## EXERCISE INPUT
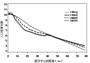 小题1:由图可以看出:1982-2010年间,越近市中心区人口密度数降低,距市中心5-40km处人口密度数增加,超过40km人口密度对数下降,A正确,B错,近郊区人口密度是增加的,C错;远郊区人口密度是下降的,D错。选A正确。
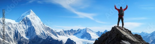 © SITTAKAN, Obraz premium Hiker standing triumphantly at the summit of a towering peak
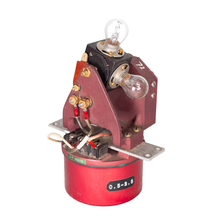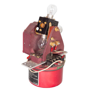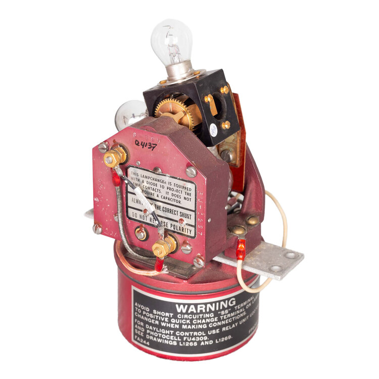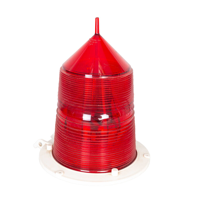 Boeilicht met rode beschermkap. Ronde paarse basis met daarboven draaibaar gedeelte met plek 4 lampen. Op basis zwarte plaat met in wit waarschuwingstekst. Taps cilindervortmide rode beschermkap met witte bevestigingsring. Datering: onbekend. Conditie: een lamp mist en hier en daar gebruikssporen, maar verder in goede staat. Werking niet getest. Afmetingen: 29 x ø 22,5 cm.
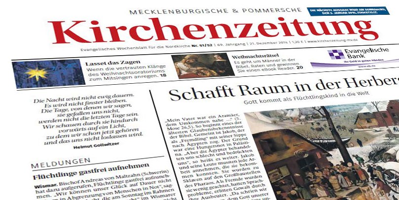 19.12.2014 · Schwerin/Kiel/Hamburg/Hannover. Die evangelischen Wochenzeitungen im Norden erscheinen am Sonntag (21. Dezember) erstmals in neuem Gewand: Die "Mecklenburgische & Pommersche Kirchenzeitung", die "Evangelische Zeitung" aus Hamburg und Schleswig-Holstein sowie die "Evangelische Zeitung" aus Hannover und Oldenburg kooperieren ab sofort und präsentieren sich mit optisch und inhaltlich neuem Konzept.
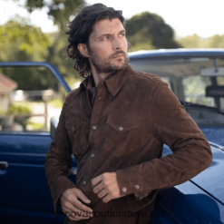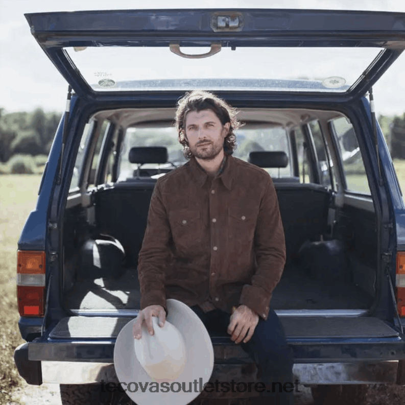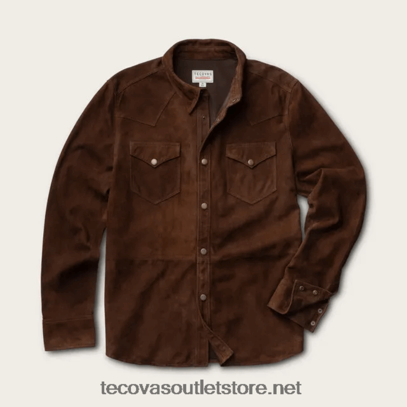 Tecovas erkekler keçi süet ince ceket 884B11 Kahve
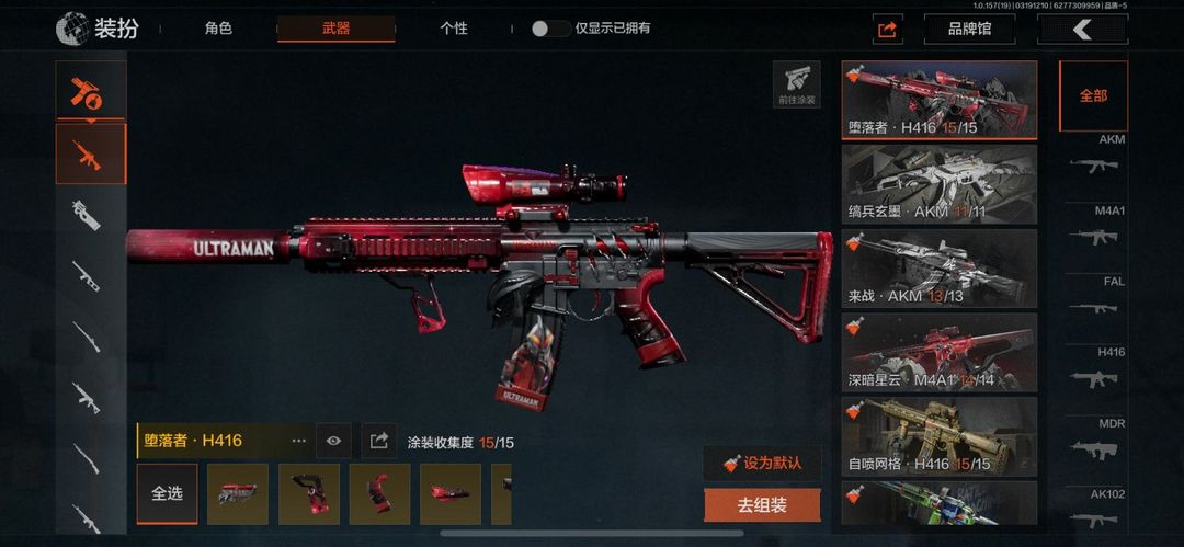 装备描述:30级,历史最高段位:暗区传说【近战武器】:三尺万仞战术剑,寒牙手刺,下弦月,涂鸦利刃,工兵铲,来战开山刀;【手套】:玉鸾挂枝手套,禁忌力量手套;【角色皮肤】:都护铁衣战术甲胄,黑暗行者特摄戏服,都市夜影套装,黑金指挥官作战服;【突击步枪】:火力倾泻AKM,缟兵玄墨AKM,来战AKM,历战AKM,,深暗星云M4A1,竞技M4A1,,黑金国际M4A1,秋宴FAL,堕落者H416,自喷网络H416,涂鸦AK102,来战AK74N,山地伪装AK74N,,竞技数码AK74N,,白狼连队AK74N,骑士之剑AKS74U,最后防线AKS74U,火力倾泻AUG,竞技AUG,,极恶AUG,自喷网格AUG,雪山之王F2000,钢铁真理F2000,炎夏浪花AR57,涂绘猎人AR57,无声暗月AR57,湖冰倒影ACE31,最后防线AEK,盛冬AN94,森林迷彩T951,玄戈梨花T03,缟兵玄墨T03,北国内卫AK12,07式林地迷彩QBZ191;【冲锋枪】:火力倾泻MP5,湖冰倒影盾MP5,森林迷彩MP5,雪山之王MPX,缟兵玄墨MPX,玄戈梨花MPX,灰鼠幻歌P90,无彩调色P90,滑雪季UMP45,自喷
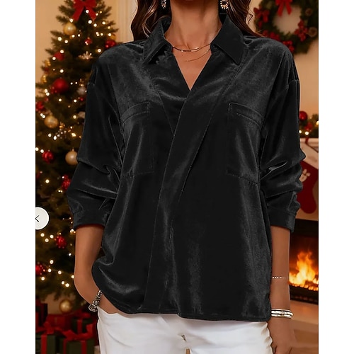 Per donna Velluto Blusa Top Eleganti Semplice Elegante Vintage Signore Manica Lunga Colletto a Camicia Top lunghi Quotidiano Lavoro Ferie Arricciato Patchwork Bottoni Marrone rossastro Viola chiaro
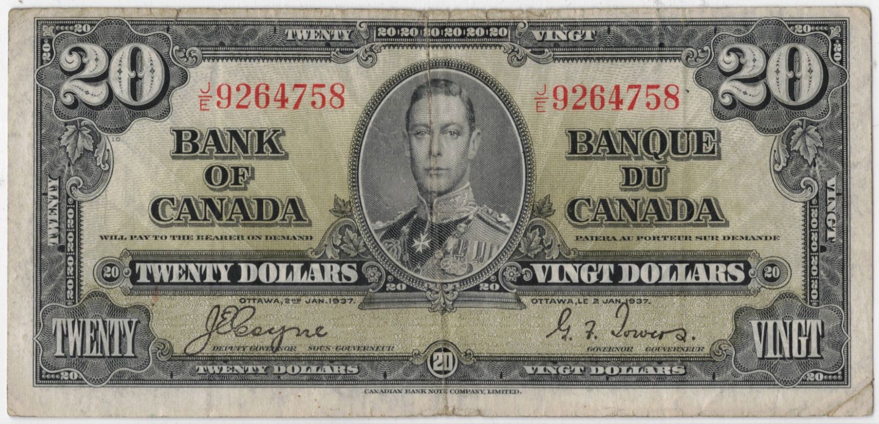 1937 Bank of Canada Twenty Dollar Bill - JE9264758
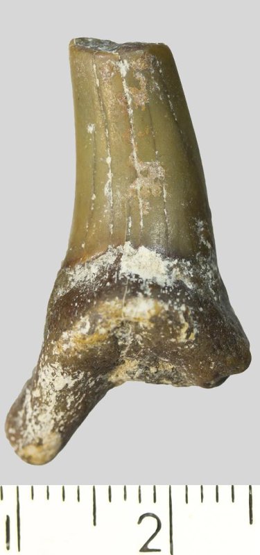 Зуб. Акула. Scapanorhynchus gigas Woodward, 1889. Классификация: Хордовые Chordata, Позвоночные Vertebrata, Хрящевые рыбы Chondrichthyes, Пластиножаберные Elasmobranchii
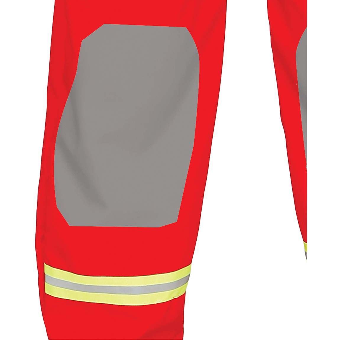 Es besteht aus einem Hut, der zur Jacke passt, die mit Klettverschlüssen geöffnet wird, und der Hose mit Gummibund an der Taille. Diese sind leuchtend rot mit reflektierenden Streifen auf der Vorderseite des Anzugs. Der Hut hat in der Mitte das Abzeichen der Feuerwehr und an den Knien gibt es graue Patches, die das Ganze origineller machen.
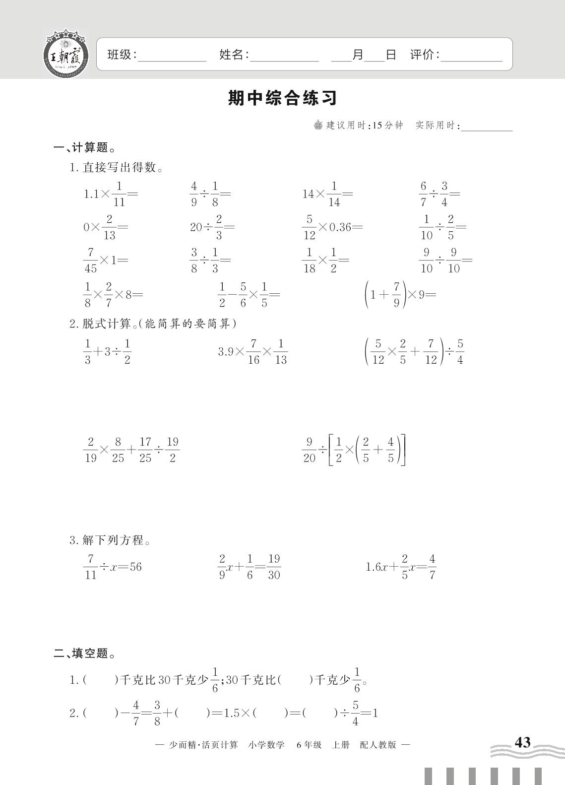 2023上册六年级数学人教版 期中综合练习(计算专练)
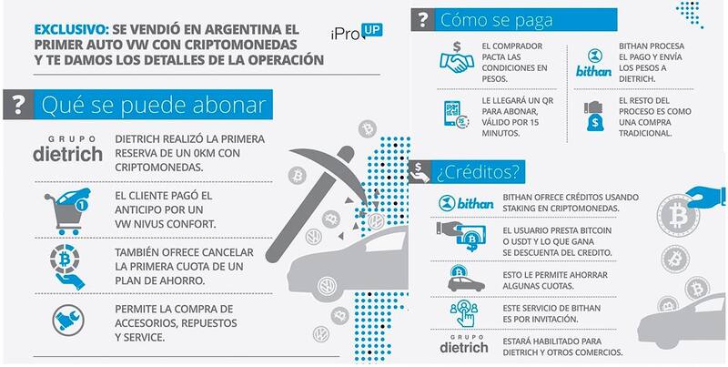 Un Volkswagen Nivus se convirtió en el primer auto reservado con criptomonedas en Argentina. Según informó el sitio iProup, la transacción del Grupo Dietrich, concesionario oficial de varias marcas en el país trasandino, se realizó a través de un sistema de venta de unidades 0 kilómetro y planes de ahorro con dinero virtual.
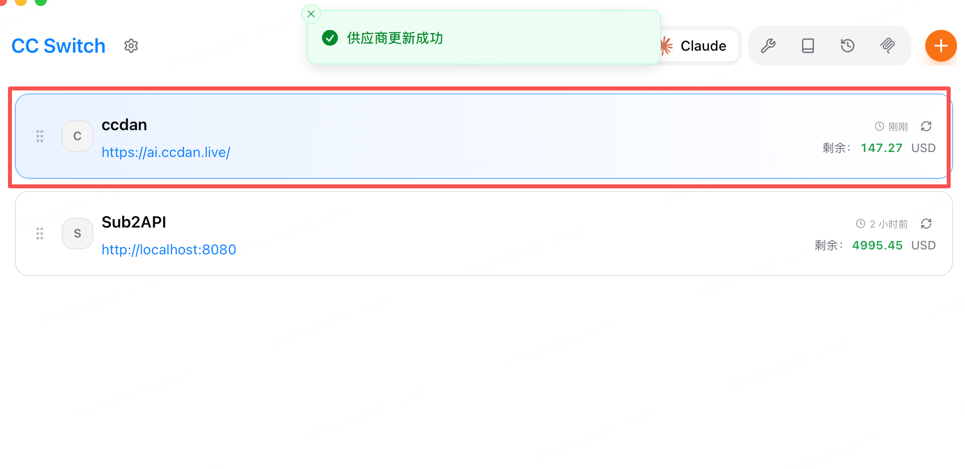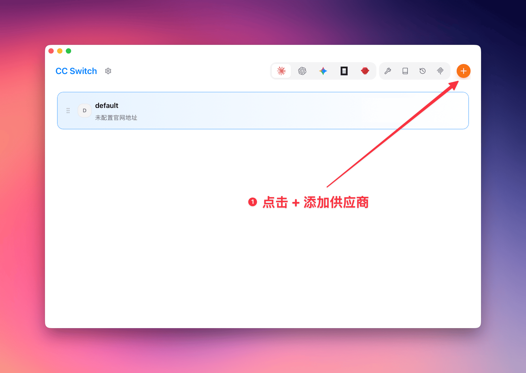 Open CC Switch → provider management → click + in top right.
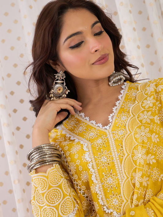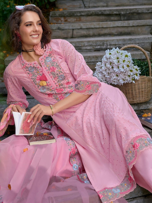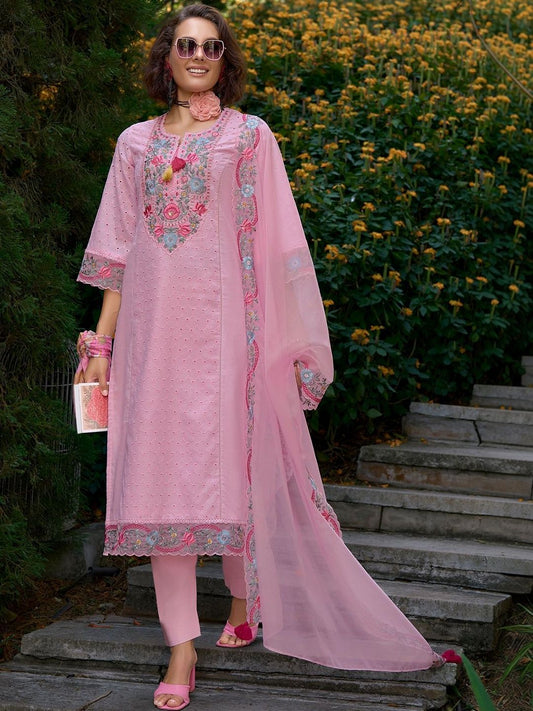 Dhiyona IE Floral Embroidered & Embellished Pure Cotton Kurta with Trousers & Dupatta
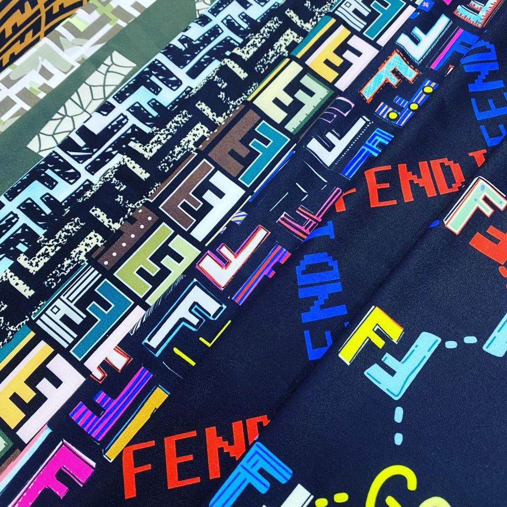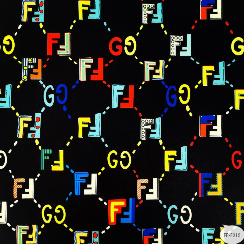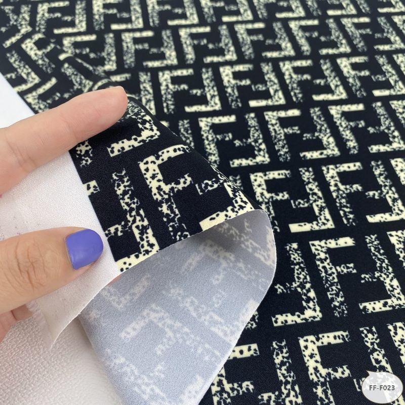Designer inspired Fendi Pattern digital printed four way spandex fabrics
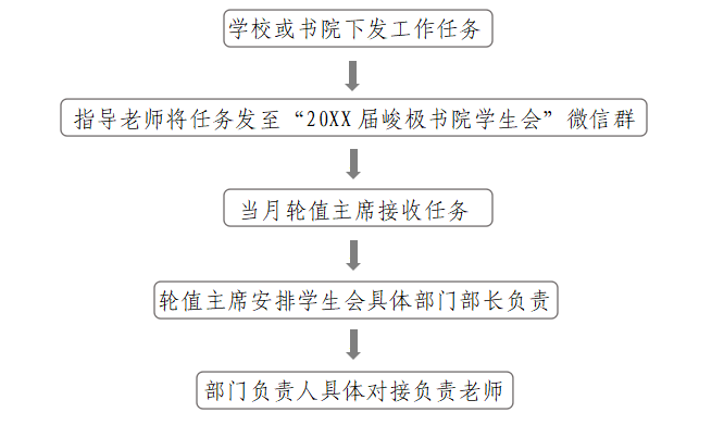 3. 轮值主席必须负起责任,按照老师要求合理安排工作,高度配合各位老师完成各项任务。

## HOW TO COMPLETE THIS TASK
From the opening line of the entries above to the line that holds "a towering peak", inclusive, reproduce each line exactly and omit any picture.

## FINAL ANSWER
 小题1:由图可以看出:1982-2010年间,越近市中心区人口密度数降低,距市中心5-40km处人口密度数增加,超过40km人口密度对数下降,A正确,B错,近郊区人口密度是增加的,C错;远郊区人口密度是下降的,D错。选A正确。
 © SITTAKAN, Obraz premium Hiker standing triumphantly at the summit of a towering peak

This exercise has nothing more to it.